Before you just go and hit "reply", please:
   a) Consider who else should be cc'ed
   b) Prefer to cc a suitable mailing list as well
   c) Ideally: find the original patch on the mailing list and do a
      reply-to-all to that, adding suitable additional cc's

*** Remember to use Documentation/SubmitChecklist when testing your code ***

See http://userweb.kernel.org/~akpm/stuff/added-to-mm.txt to find
out what to do about this

The current -mm tree may be found at http://userweb.kernel.org/~akpm/mmotm/

------------------------------------------------------
Subject: oom: replace sysctls with quick mode
From: David Rientjes <rientjes@xxxxxxxxxx>

Two VM sysctls, oom dump_tasks and oom_kill_allocating_task, were
implemented for very large systems to avoid excessively long tasklist
scans.  The former suppresses helpful diagnostic messages that are emitted
for each thread group leader that are candidates for oom kill including
their pid, uid, vm size, rss, oom_adj value, and name; this information is
very helpful to users in understanding why a particular task was chosen
for kill over others.  The latter simply kills current, the task
triggering the oom condition, instead of iterating through the tasklist
looking for the worst offender.

Both of these sysctls are combined into one for use on the aforementioned
large systems: oom_kill_quick.  This disables the now-default
oom_dump_tasks and kills current whenever the oom killer is called.

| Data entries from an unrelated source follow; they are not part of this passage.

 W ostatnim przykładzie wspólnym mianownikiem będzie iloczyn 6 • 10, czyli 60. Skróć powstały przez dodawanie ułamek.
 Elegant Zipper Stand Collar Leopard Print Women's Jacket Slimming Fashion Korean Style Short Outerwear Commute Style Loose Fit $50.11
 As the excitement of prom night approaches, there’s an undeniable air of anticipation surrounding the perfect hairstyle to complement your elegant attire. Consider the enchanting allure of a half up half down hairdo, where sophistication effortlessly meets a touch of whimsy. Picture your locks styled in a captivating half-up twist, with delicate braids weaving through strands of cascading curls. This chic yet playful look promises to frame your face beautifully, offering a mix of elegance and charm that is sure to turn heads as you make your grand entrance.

This consolidation is possible because the audience for both tunables is
the same and there is no backwards compatibility issue in removing
oom_dump_tasks since its behavior is now default.  Since mempolicy ooms
now scan the tasklist, oom_kill_allocating_task may now find more users to
avoid the performance penalty, so it's better to unite them under one
sysctl than carry two for legacy purposes.

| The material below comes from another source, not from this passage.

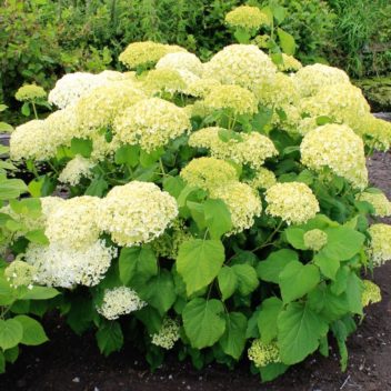 Описание: компактный сорт с шаровидной формой кроны. Побеги довольно прочные, в молодом возрасте зеленого цвета, по мере одревеснения становятся светло-коричневыми. Листья крупные, ярко-зеленые. Соцветия пышные, шаровидные, до 25-35 см в диаметре, состоят из крупных 4-лепестковых стерильных цветков, плотно прижатых друг к другу. При распускании цветки имеют легкий зеленовато-белый оттенок, а в полном роспуске ослепительно белые. Цветет обильно и продолжительно в VI-VIII.

Signed-off-by: David Rientjes <rientjes@xxxxxxxxxx>
Reviewed-by: KAMEZAWA Hiroyuki <kamezawa.hiroyu@xxxxxxxxxxxxxx>
Cc: Rik van Riel <riel@xxxxxxxxxx>
Cc: Nick Piggin <npiggin@xxxxxxx>
Cc: Balbir Singh <balbir@xxxxxxxxxxxxxxxxxx>
Cc: Minchan Kim <minchan.kim@xxxxxxxxx>
Cc: KOSAKI Motohiro <kosaki.motohiro@xxxxxxxxxxxxxx>
Signed-off-by: Andrew Morton <akpm@xxxxxxxxxxxxxxxxxxxx>
---

 Documentation/sysctl/vm.txt |   44 ++++------------------------------
 kernel/sysctl.c             |   16 +++---------
 mm/oom_kill.c               |    9 +++---
 3 files changed, 14 insertions(+), 55 deletions(-)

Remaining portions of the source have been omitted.